• **WHAT YOU WILL DO**
The result should be an exact copy of the data, free of pictures.

• **DATASET SECTION**
++++++++++++++++++++

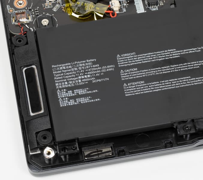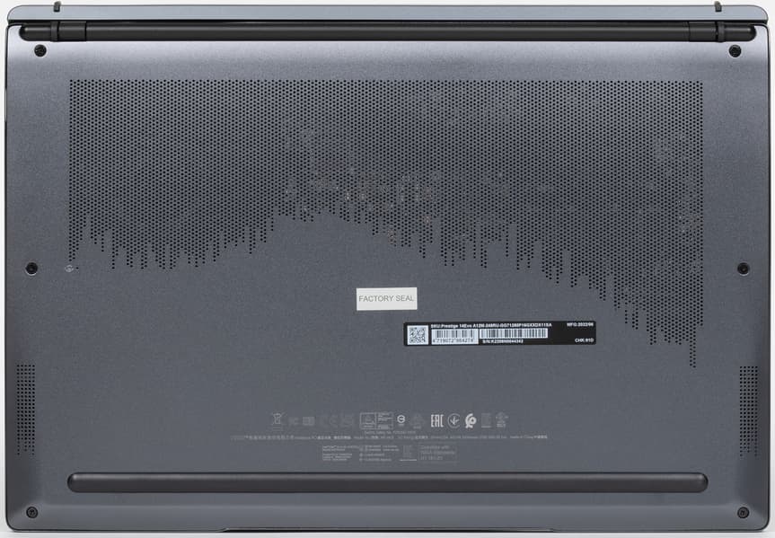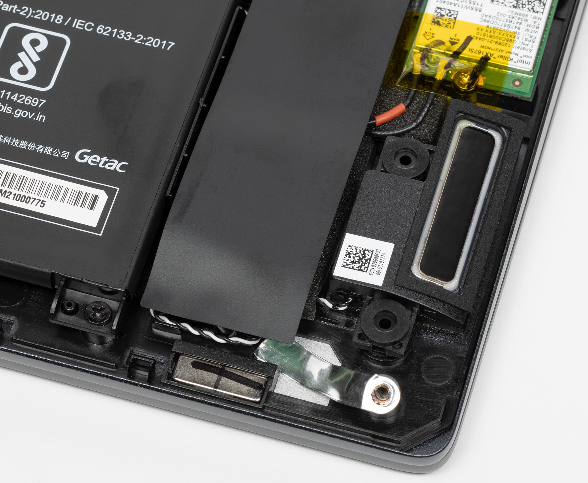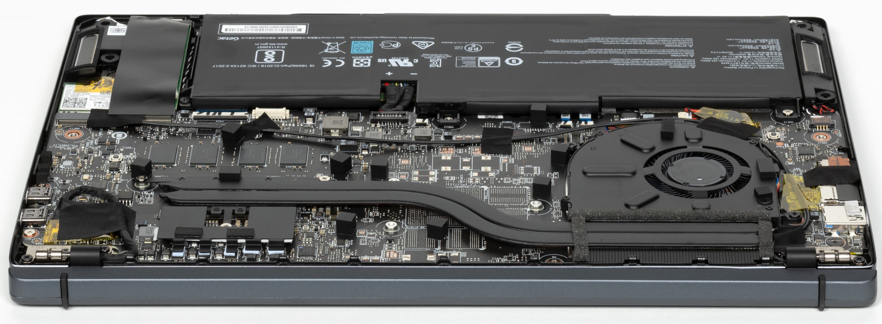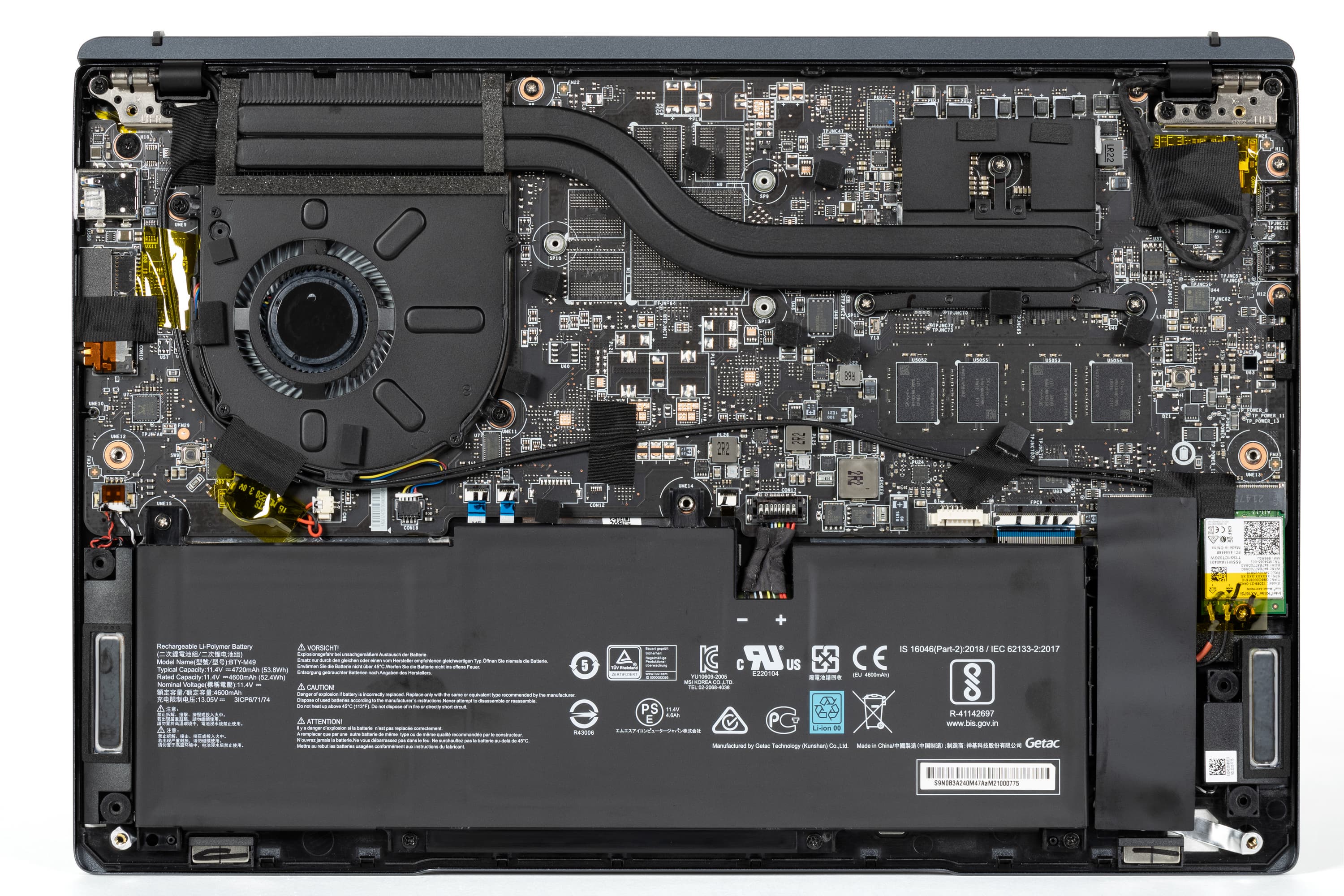 Вопреки традициям внутреннего устройства тонких портативных ПК, внутри у MSI Prestige 14 Evo A12M-248RU не столь тесно, как можно было предполагать. Наиболее заметные элементы конструкции — вытянутая в ширину корпуса батарея между двумя громкоговорителями, вентилятор, радиатор и тепловые трубки системы охлаждения.
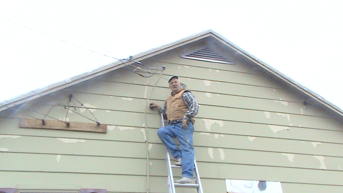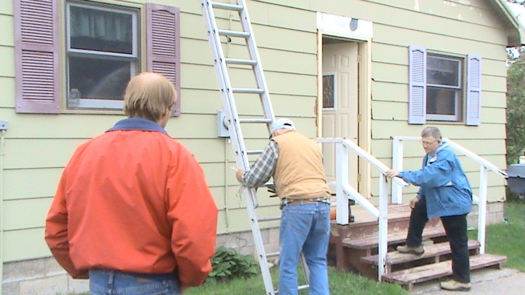 Urpo Vartainen talon sähköjohtojen kimpussa. Hän siirsi sähköt seinälle, koska katto täytyi uusia ja räystäällä johdot olivat tiellä. Urpo on tehnyt muuraustöitä ihmisille Chicagon lähellä. Pojan talo on Pohjois-Michiganissa Wattonin kaupungissa Korpi Roadin varrella. Alueella on paljon suomalaisvaikutteita. Alueen tiet ovat suorassa kulmassa, koska ne on tehty neitseelliseen metsään.
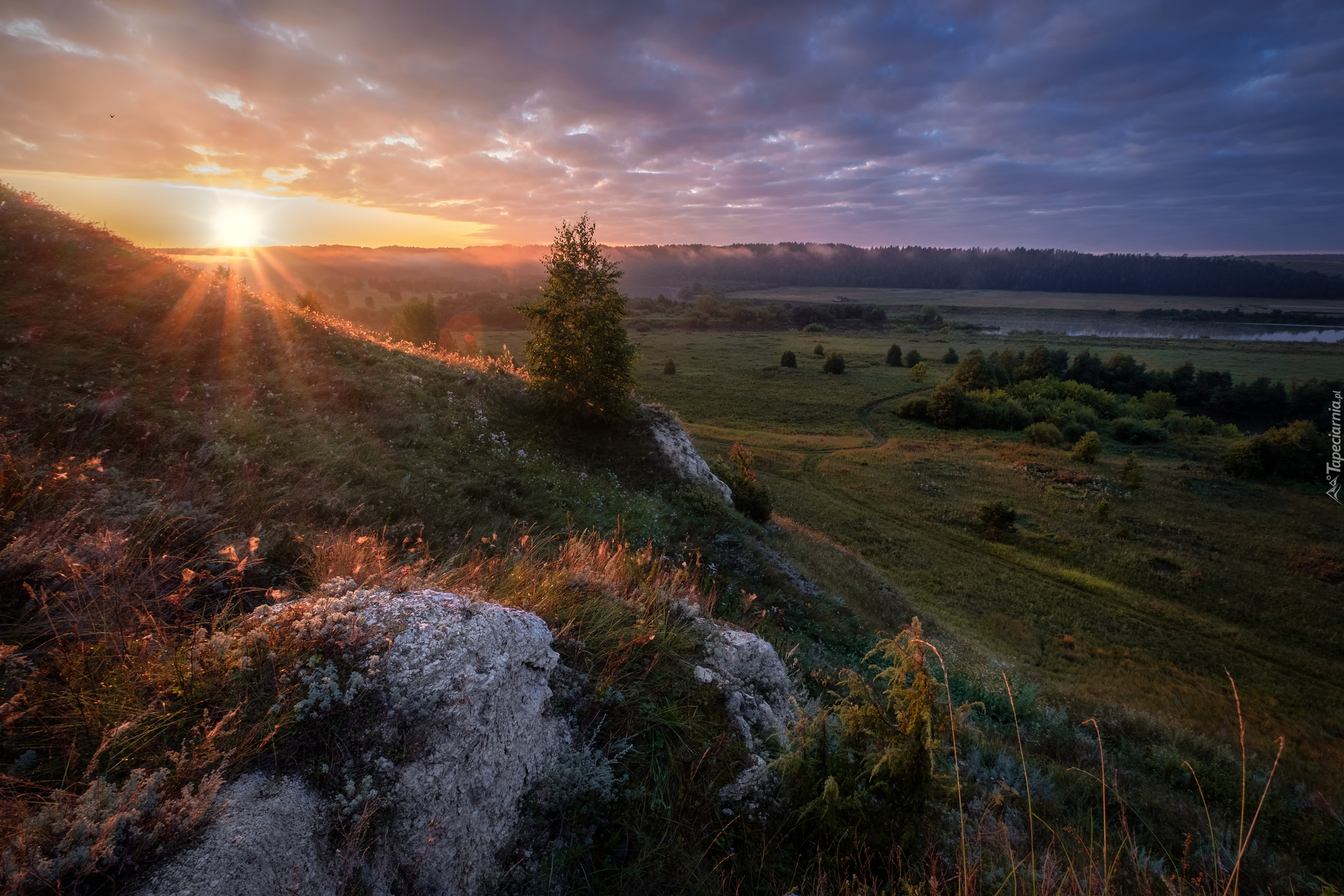 Edytor tapety: Drzewo na wzgórzu w promieniach słońca

++++++++++++++++++++

• **TASK RESULT**
 Вопреки традициям внутреннего устройства тонких портативных ПК, внутри у MSI Prestige 14 Evo A12M-248RU не столь тесно, как можно было предполагать. Наиболее заметные элементы конструкции — вытянутая в ширину корпуса батарея между двумя громкоговорителями, вентилятор, радиатор и тепловые трубки системы охлаждения.
 Urpo Vartainen talon sähköjohtojen kimpussa. Hän siirsi sähköt seinälle, koska katto täytyi uusia ja räystäällä johdot olivat tiellä. Urpo on tehnyt muuraustöitä ihmisille Chicagon lähellä. Pojan talo on Pohjois-Michiganissa Wattonin kaupungissa Korpi Roadin varrella. Alueella on paljon suomalaisvaikutteita. Alueen tiet ovat suorassa kulmassa, koska ne on tehty neitseelliseen metsään.
 Edytor tapety: Drzewo na wzgórzu w promieniach słońca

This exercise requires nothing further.